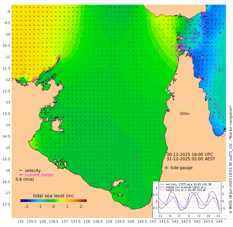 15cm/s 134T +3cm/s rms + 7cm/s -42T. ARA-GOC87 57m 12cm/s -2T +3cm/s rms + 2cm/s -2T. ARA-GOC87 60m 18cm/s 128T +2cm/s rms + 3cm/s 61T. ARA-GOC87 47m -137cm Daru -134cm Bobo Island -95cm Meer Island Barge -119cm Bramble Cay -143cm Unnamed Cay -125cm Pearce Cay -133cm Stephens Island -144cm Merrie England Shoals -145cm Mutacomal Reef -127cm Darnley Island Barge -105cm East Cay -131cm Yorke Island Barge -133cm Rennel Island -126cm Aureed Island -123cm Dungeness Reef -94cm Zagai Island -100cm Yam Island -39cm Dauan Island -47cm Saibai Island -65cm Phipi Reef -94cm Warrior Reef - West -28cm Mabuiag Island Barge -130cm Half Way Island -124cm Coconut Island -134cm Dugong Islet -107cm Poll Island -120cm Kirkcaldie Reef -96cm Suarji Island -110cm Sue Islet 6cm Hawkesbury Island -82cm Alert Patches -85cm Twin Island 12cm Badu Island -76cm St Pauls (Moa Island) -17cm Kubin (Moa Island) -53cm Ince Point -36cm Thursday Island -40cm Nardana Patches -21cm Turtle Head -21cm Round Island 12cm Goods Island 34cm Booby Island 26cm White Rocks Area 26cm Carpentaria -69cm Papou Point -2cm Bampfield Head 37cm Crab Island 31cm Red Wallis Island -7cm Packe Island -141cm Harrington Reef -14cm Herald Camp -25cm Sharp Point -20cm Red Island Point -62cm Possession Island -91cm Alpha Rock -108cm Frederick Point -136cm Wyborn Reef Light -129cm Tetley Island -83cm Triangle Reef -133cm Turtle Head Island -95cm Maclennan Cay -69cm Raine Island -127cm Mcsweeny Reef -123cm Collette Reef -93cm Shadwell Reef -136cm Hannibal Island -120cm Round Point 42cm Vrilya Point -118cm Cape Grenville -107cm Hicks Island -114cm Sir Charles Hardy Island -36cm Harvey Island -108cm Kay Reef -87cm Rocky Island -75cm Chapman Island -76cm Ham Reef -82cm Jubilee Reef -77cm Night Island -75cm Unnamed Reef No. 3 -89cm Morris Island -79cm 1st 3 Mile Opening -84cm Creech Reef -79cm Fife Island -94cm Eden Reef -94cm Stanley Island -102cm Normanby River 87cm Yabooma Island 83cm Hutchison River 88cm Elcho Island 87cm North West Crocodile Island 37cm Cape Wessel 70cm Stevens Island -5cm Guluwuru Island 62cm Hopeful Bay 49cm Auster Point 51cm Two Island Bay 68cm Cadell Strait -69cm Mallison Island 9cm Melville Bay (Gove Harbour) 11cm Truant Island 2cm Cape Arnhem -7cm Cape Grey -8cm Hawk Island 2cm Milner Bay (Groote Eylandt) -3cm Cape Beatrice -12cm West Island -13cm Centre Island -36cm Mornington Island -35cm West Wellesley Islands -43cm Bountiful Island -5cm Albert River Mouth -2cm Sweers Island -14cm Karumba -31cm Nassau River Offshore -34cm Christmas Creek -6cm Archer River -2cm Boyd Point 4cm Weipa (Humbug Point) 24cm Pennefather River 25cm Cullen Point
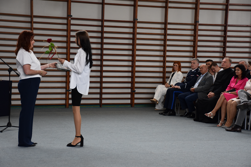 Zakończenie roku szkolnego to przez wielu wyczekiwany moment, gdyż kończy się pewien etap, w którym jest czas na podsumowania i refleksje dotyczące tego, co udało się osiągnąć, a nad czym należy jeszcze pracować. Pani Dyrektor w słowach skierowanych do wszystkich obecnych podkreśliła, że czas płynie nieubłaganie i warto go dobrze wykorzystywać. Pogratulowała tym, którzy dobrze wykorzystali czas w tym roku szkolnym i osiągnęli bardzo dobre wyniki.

* * *

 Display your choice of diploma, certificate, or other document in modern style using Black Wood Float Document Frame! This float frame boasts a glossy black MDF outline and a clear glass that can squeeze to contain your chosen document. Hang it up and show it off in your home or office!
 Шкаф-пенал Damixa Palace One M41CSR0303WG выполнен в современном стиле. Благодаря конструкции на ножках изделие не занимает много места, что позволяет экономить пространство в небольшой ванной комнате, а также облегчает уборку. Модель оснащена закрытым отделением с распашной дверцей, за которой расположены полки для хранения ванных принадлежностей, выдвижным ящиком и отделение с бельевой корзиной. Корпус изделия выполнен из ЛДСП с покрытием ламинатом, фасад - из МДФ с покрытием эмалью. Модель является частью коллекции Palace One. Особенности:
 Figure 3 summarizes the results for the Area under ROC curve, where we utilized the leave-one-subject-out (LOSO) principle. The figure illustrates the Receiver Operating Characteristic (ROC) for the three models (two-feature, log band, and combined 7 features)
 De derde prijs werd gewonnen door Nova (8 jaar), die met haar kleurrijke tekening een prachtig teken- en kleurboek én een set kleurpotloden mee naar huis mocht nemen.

==

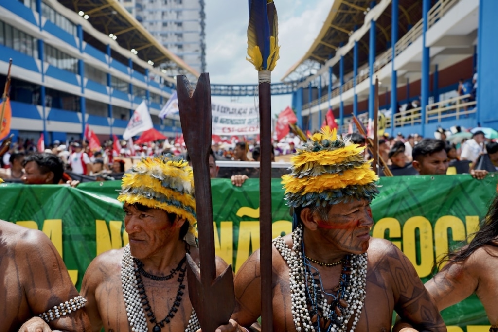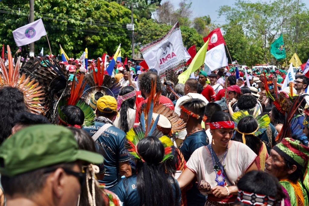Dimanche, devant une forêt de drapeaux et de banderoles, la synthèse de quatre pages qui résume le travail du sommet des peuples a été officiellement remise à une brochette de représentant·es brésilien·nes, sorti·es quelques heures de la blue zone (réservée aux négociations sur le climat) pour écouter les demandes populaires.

### Instructions to follow
All lines in the listing above from the line containing "Display your choice" to the line containing "Шкаф-пенал Damixa Palace", inclusive, should be retyped exactly; no other lines should appear.

### Exercise response
 Display your choice of diploma, certificate, or other document in modern style using Black Wood Float Document Frame! This float frame boasts a glossy black MDF outline and a clear glass that can squeeze to contain your chosen document. Hang it up and show it off in your home or office!
 Шкаф-пенал Damixa Palace One M41CSR0303WG выполнен в современном стиле. Благодаря конструкции на ножках изделие не занимает много места, что позволяет экономить пространство в небольшой ванной комнате, а также облегчает уборку. Модель оснащена закрытым отделением с распашной дверцей, за которой расположены полки для хранения ванных принадлежностей, выдвижным ящиком и отделение с бельевой корзиной. Корпус изделия выполнен из ЛДСП с покрытием ламинатом, фасад - из МДФ с покрытием эмалью. Модель является частью коллекции Palace One. Особенности:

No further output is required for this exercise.